This entire subject opens a major can of worms and leads you to rabbit holes you might fall into. And stepping outside of the modern line of reasoning here is not a great way to win friends (ask me how I know). Despite taking much flak from moderns who follow myriads of modern era magazines and books (typically not peer reviewed) of pablum/mantra published with an opinion to the contrary, I've come to the opinion that much of the older peer reviewed literature indicates upon a careful analysis that mash pH's were (back then) measured at mash temperature.
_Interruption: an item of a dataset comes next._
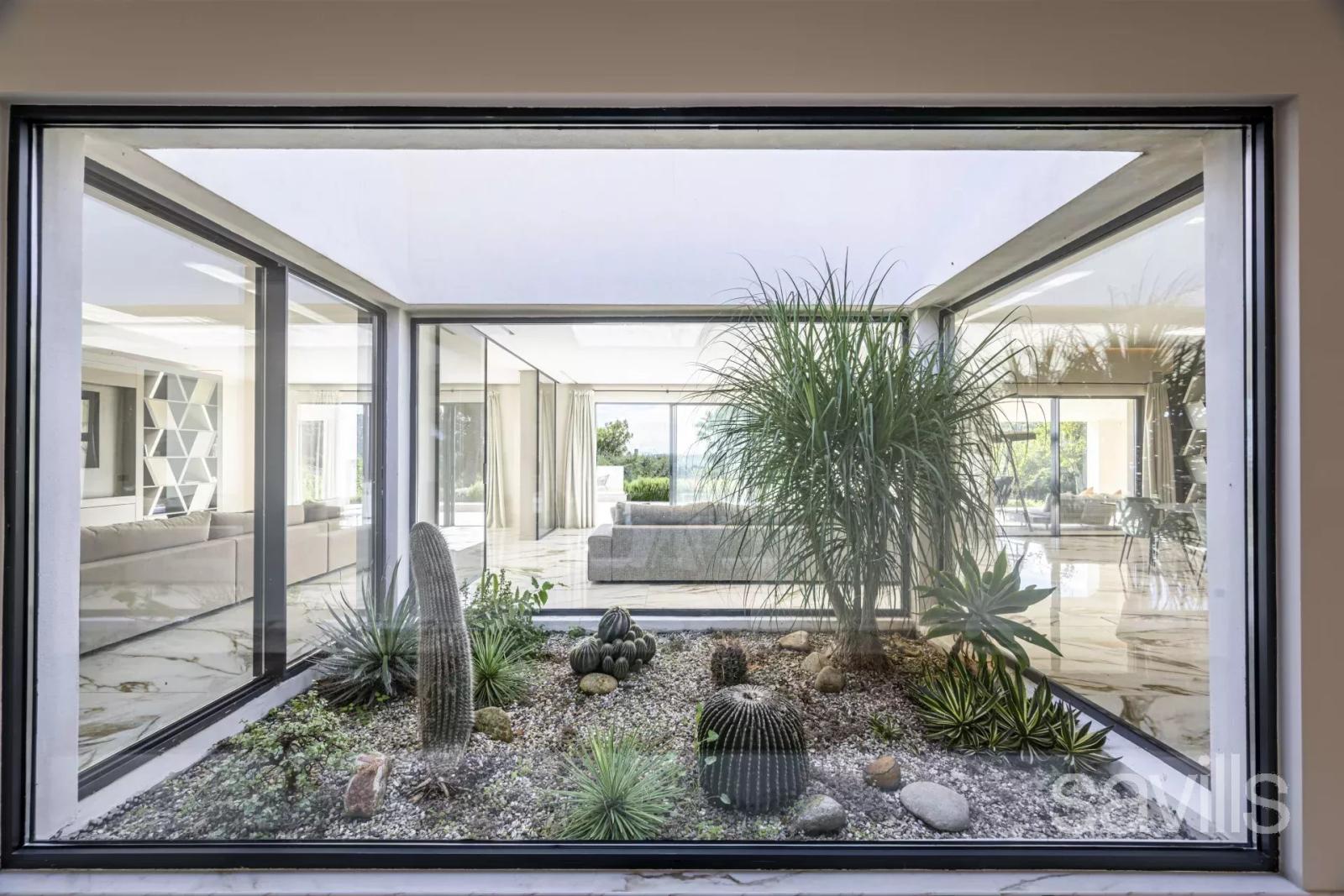 L’intérieur baigné de lumière, avec plafonds cathédrale et jardin zen vitré, crée une atmosphère apaisante. Salons, salle de billard et salle à manger s’ouvrent sur une vaste terrasse, fusionnant intérieur et extérieur. La cuisine en marbre avec équipements italiens ravira les amateurs de gastronomie.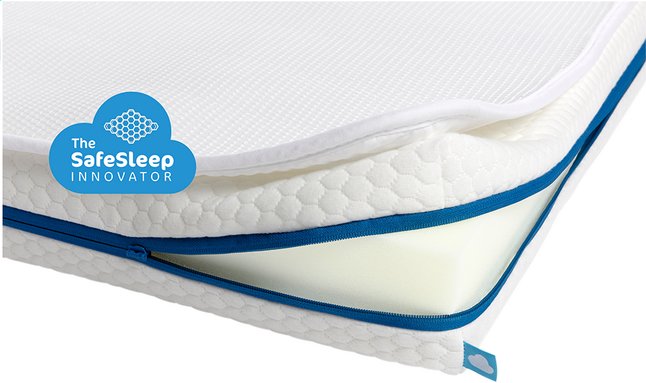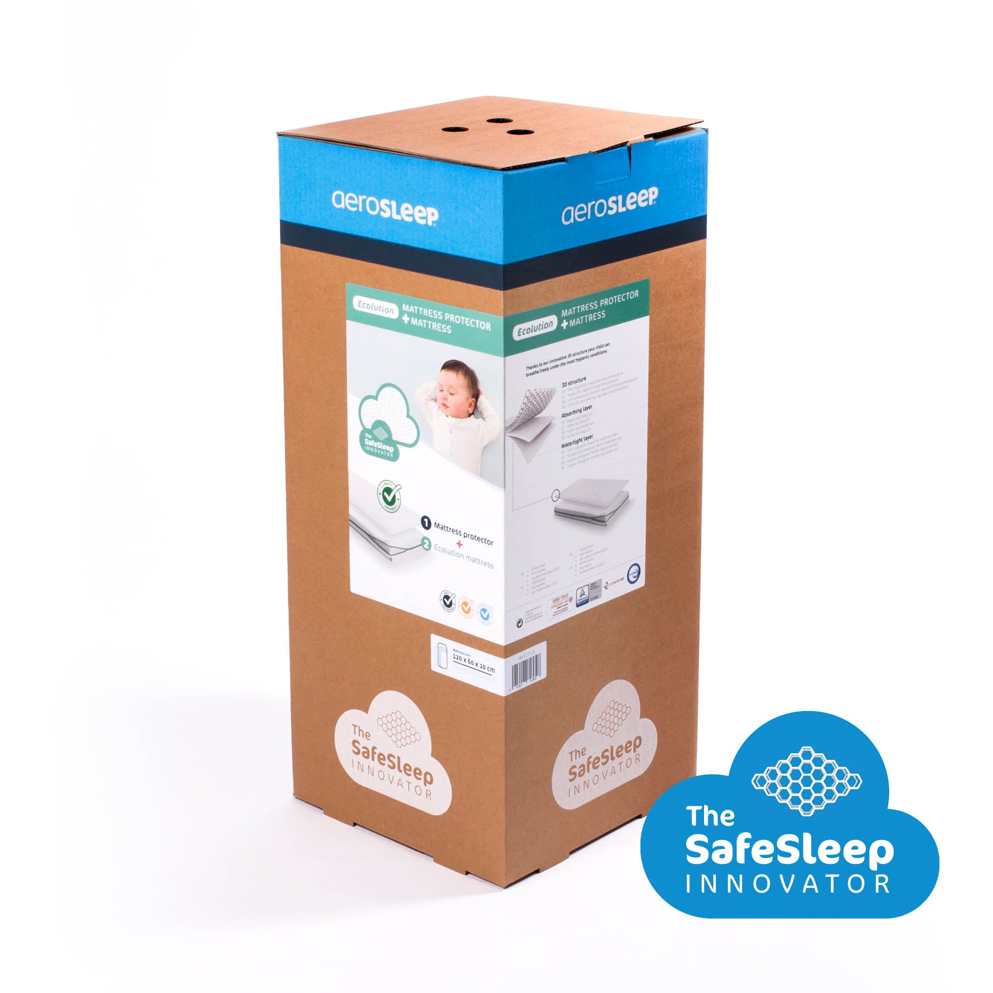 De AeroSleep matrasbeschermer is afneembaar en is zo ontwikkeld dat je baby'tje altijd kan blijven ademen, ook als het op z'n buikje terechtkomt. Hoe? Dankzij de speciaal uitgekiende 3D-honingraatstructuur waarbij de baby op een luchtlaagje ligt. Datzelfde luchtlaagje reguleert ook je baby's temperatuur en beschermt tegen oververhitting.

Sometimes this is even made explicit and comparisons to room temperature are made (almost universally by adding 0.3).
This implies that mash pH back then was something accomplished at a range somewhat higher than is considered normal today, wherein we tend to look at all pH related things in terms of their room temperature pH measure, and we also somehow collectively contort the masters words of yore to conform to our modern worldview that pH is always to be taken at room temperature, thus seeing their 5.4 ideal as being at room temperature (albeit that it was not).
Off the top of my head it was Briggs who most explicitly expressed this, when he openly stated in writing that his ideal mash pH range when converted to room temperature (wherein he specifies an added 0.3 pH points to facilitate the conversion) becomes 5.5 to 5.8 pH. Similar data can be teased from others such as Narziss and the rest if one desires to take the effort to do so. Modern pH instrumentation seems to more closely adhere to a difference of 0.2 points when converting from mash temperature to room temperature pH readings, so for today's pH meters Briggs room temperature ideal mash pH range becomes 5.4 to 5.7 (with a mid-range ideal of 5.55).
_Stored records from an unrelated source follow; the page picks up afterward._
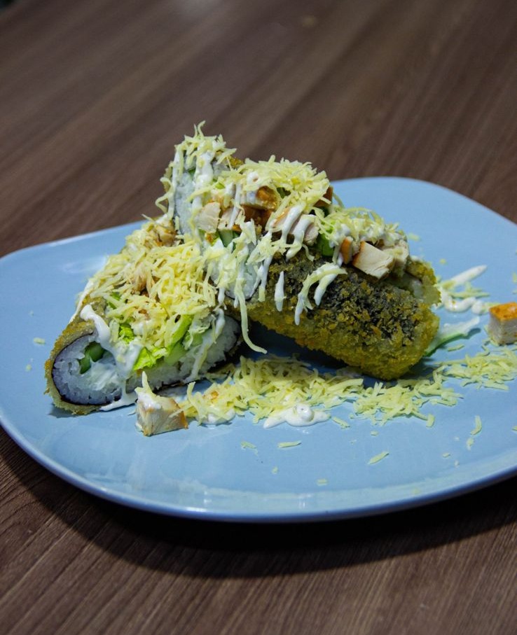 сыр, огурец, курица, листья салата, соус цезарь, пармезан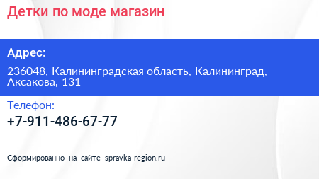 Детки по моде, магазин по адресу 236048, Калининградская область, Калининград, Аксакова, 131 в дальнейшем Организация, размещена в следующих категориях: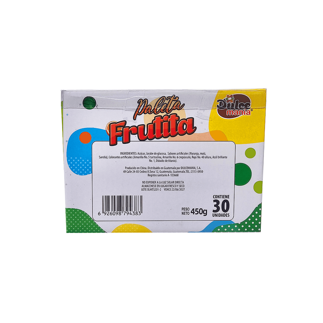 Paleta de frutas con sabores surtidos. Paquete de 30 unidades.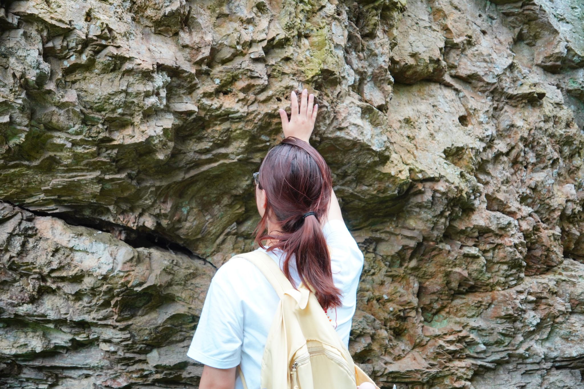 触摸鼎湖峰的石壁,团队成员们感受其粗糙质感及风雨、地壳运动留下的痕迹。在朱潭山,他们体验了溪水的清凉及水流中砂石轻擦皮肤的感觉,研究水流对周边生态环境的影响。据了解,景区水质常年保持Ⅱ类以上,以此保持景区生态环境的质量。成员们还触摸了倪翁洞的钟乳石,感受其温润质感,以及岩宕书房岩壁上的采石凿痕,对比不同年代凿痕的工具特性,还原古代采石工艺。触觉调研使团队成员对仙都的自然地质和历史文化有了更直观、更深刻的认识,收获了关于岩石、水流和书法等方面的实践知识。

But there is a catch. Today we tend to conflate what was once two separate pH adjustments that were commonly made in yore into only one. And we generally presume that if we mash at ~5.4 as measured at room temperature we will exit the boil at a cooled to room temperature Wort pH of ~5.1-5.2. The masters of yore acid adjusted the boil to 5.2 as measured at room temperature (after earlier having adjusted the (room temperature) "Mash" to 5.5 - 5.8 pH (5.4 to 5.7 for a modern meter), thus making two adjustments.
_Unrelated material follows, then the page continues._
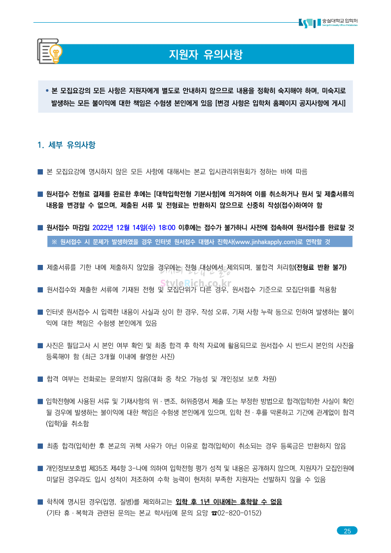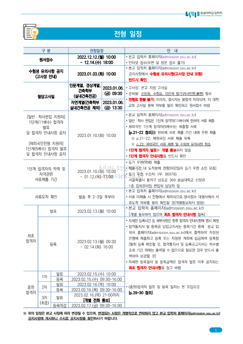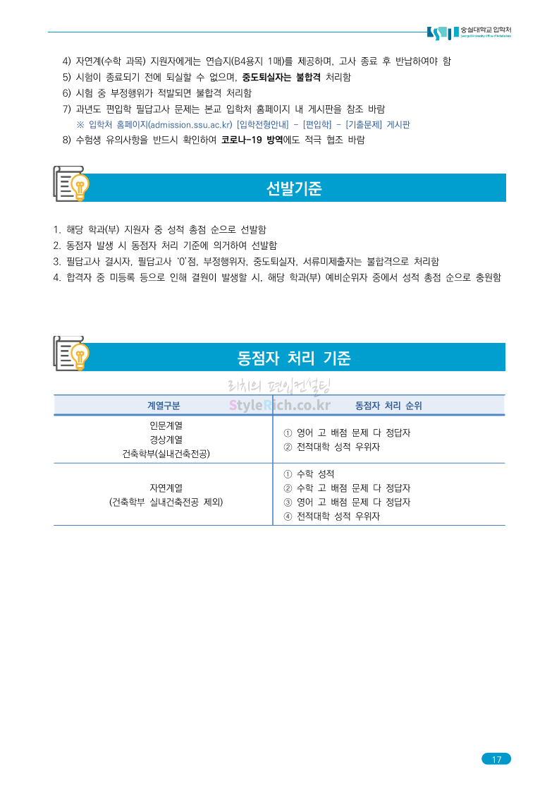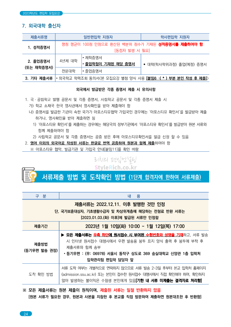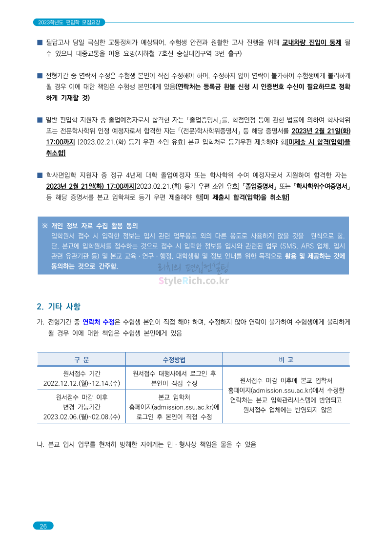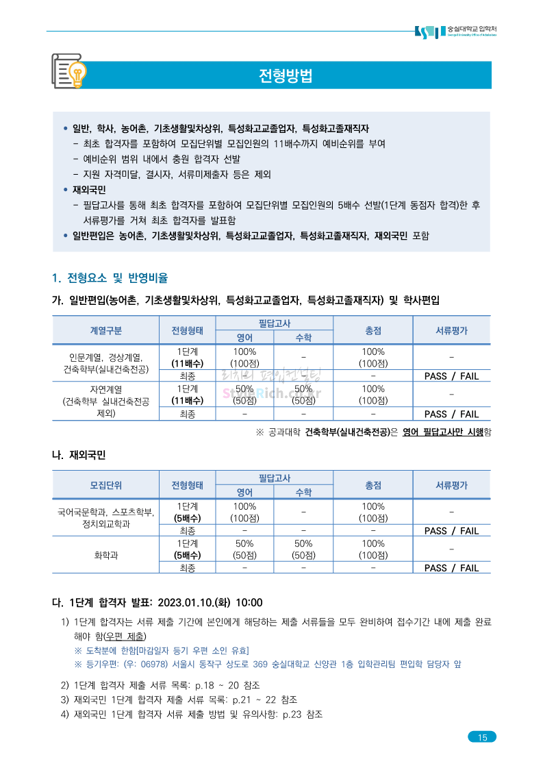 숭실대 편입 2023학년도 모집요강 간편하게 보자! 2022.12.02 01:35 편입 모집요강/2023학년도 모집요강 2023학년도 숭실대 편입 모집요강(2022.12.01 기준)을 간편하게 확인하세요. * 최종 모집요강 발표 이후에도 내용의 일부가 변경될 수 있으니 지원 전 반드시 숭실대 입학처를 확인 바랍니다. 숭실대 편입 최신 모집요강 확인하기 <출처: 숭실대> 공유하기 게시글 관리 리치의 편입컨설팅 저작자표시 비영리 변경금지 (새창열림) '편입 모집요강 > 2023학년도 모집요강' 카테고리의 다른 글 경기대 편입 2023학년도 모집요강 간편하게 보자! (0) 2022.12.03 용인대 편입 2023학년도 모집요강 간편하게 보자! (0) 2022.12.02 세종대 편입 2023학년도 모집요강 간편하게 보자! (0) 2022.12.02 가톨릭대 편입 2023학년도 모집요강 간편하게 보자! (0) 2022.12.02 안양대 편입 2023학년도 모집요강 간편하게 보자! (0) 2022.12.01 댓글 공유하기 다른 글 댓글 이 글 공유하기 구독하기 구독하기 카카오톡 카카오톡 라인 라인 트위터 트위터 Facebook Facebook 카카오스토리 카카오스토리 밴드 밴드 네이버 블로그 네이버 블로그 Pocket Pocket Evernote Evernote 다른 글 경기대 편입 2023학년도 모집요강 간편하게 보자! 경기대 편입 2023학년도 모집요강 간편하게 보자! 2022.12.03 용인대 편입 2023학년도 모집요강 간편하게 보자! 용인대 편입 2023학년도 모집요강 간편하게 보자! 2022.12.02 세종대 편입 2023학년도 모집요강 간편하게 보자! 세종대 편입 2023학년도 모집요강 간편하게 보자! 2022.12.02 가톨릭대 편입 2023학년도 모집요강 간편하게 보자! 가톨릭대 편입 2023학년도 모집요강 간편하게 보자! 2022.12.02 다른 글 더 둘러보기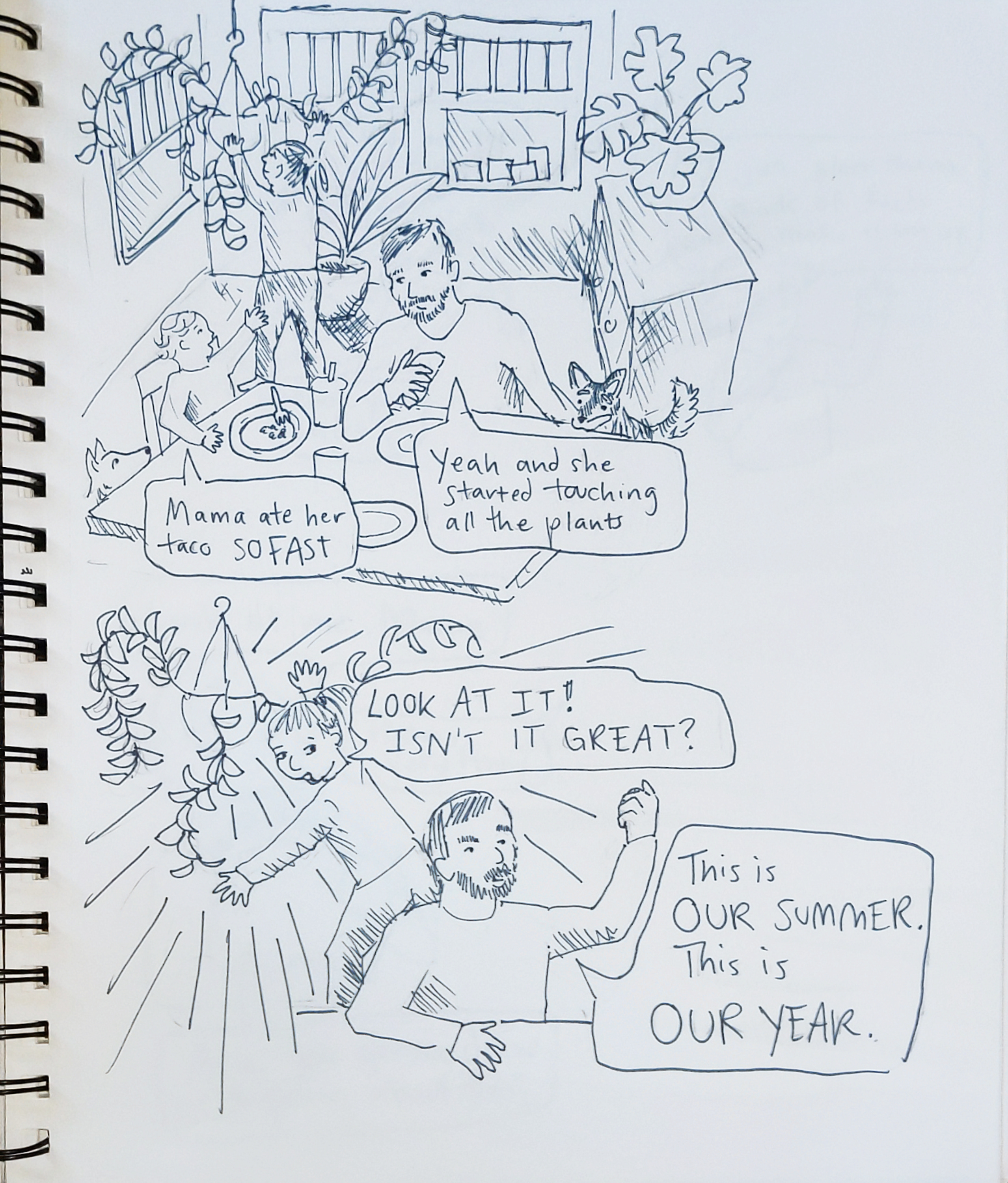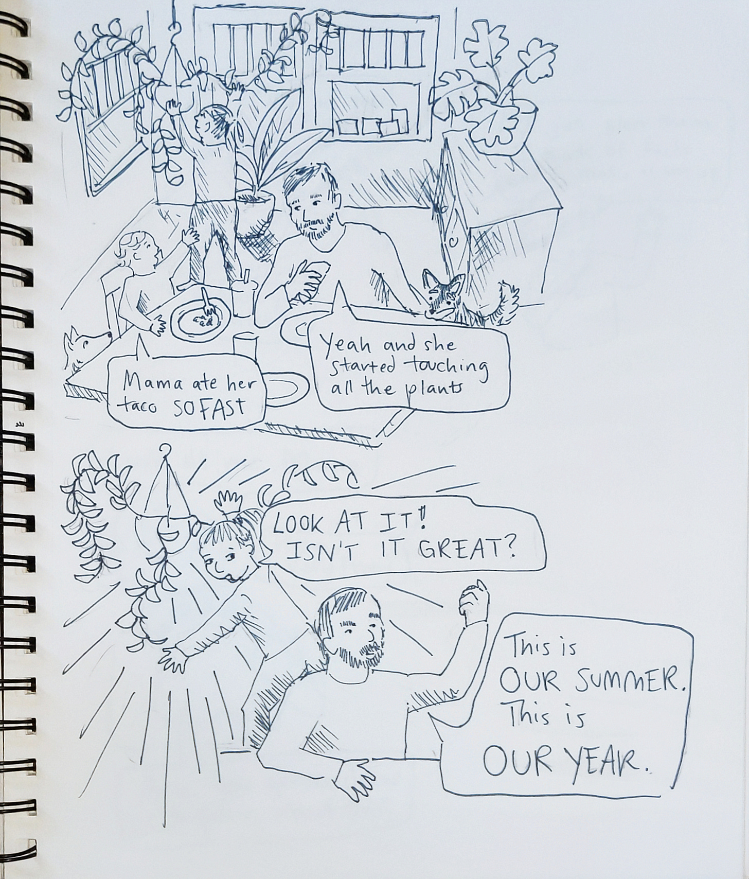 We look at my sketchbook a lot together as a family. Every time I draw something new, Fiona loves looking at the old pages all over again (especially the ones about stuff she’s said). Looking back at the past few months, I’m filled with desire to share some of what’s inside.

All literature mentions a drop in pH across the boil, but some of the peer reviewed literature which actually took the time to measure this (as opposed to regurgitating the presumptions of others) speaks of a drop in pH across the boil that is greater in magnitude when entering the boil with Wort at room temperature pH's of 5.4 and above, and with the observation that once Wort is at ~5.2 pH (room temperature) or below this pH drop witnessed across the boil ceases. So the magnitude of the pH drop across the boil is greater the higher ones pH is going into the boil, but somewhere around pH 5.1-5.2 any further drop across the boil ceases. The boil drop is therefore not fixed in magnitude (typically with a presumed 0.3 point drop), as is commonly believed today, and was presumed incorrectly even as such within much peer reviewed literature of yore.
I believe it was Bamforth who made it clear that this pH drop across the boil can not be relied upon to occur at any predictable degree of reliable measure (or magnitude), so the presumption that we make today of hitting 5.2 post boil and cooling when starting at around 5.4 at room temperature in the mash is not something we should "take to the bank" (such as we do).
But since once a room temperature measured ~5.2 pH is achieved there is little to no further drop in pH anticipated to be observed across the boil, your choice of mashing at room temperature 5.2 and then lautering, sparging, and boiling should easily accomplish the task of exiting the boil at 5.2 pH or right close (perhaps as low as 5.1). 5.2 mash pH may however be below the ideals seen for enzymes and saccharification yield and the like, as 5.55 room temperature pH for the mash seems to best tickle all of these buttons (as attested by the masters of yore). By considering mashing at room temperature 5.2 pH you are among those (nearly all of us) today who have conflated two acidification steps into one. But a growing trend is emerging to once again revert to two pH adjustments.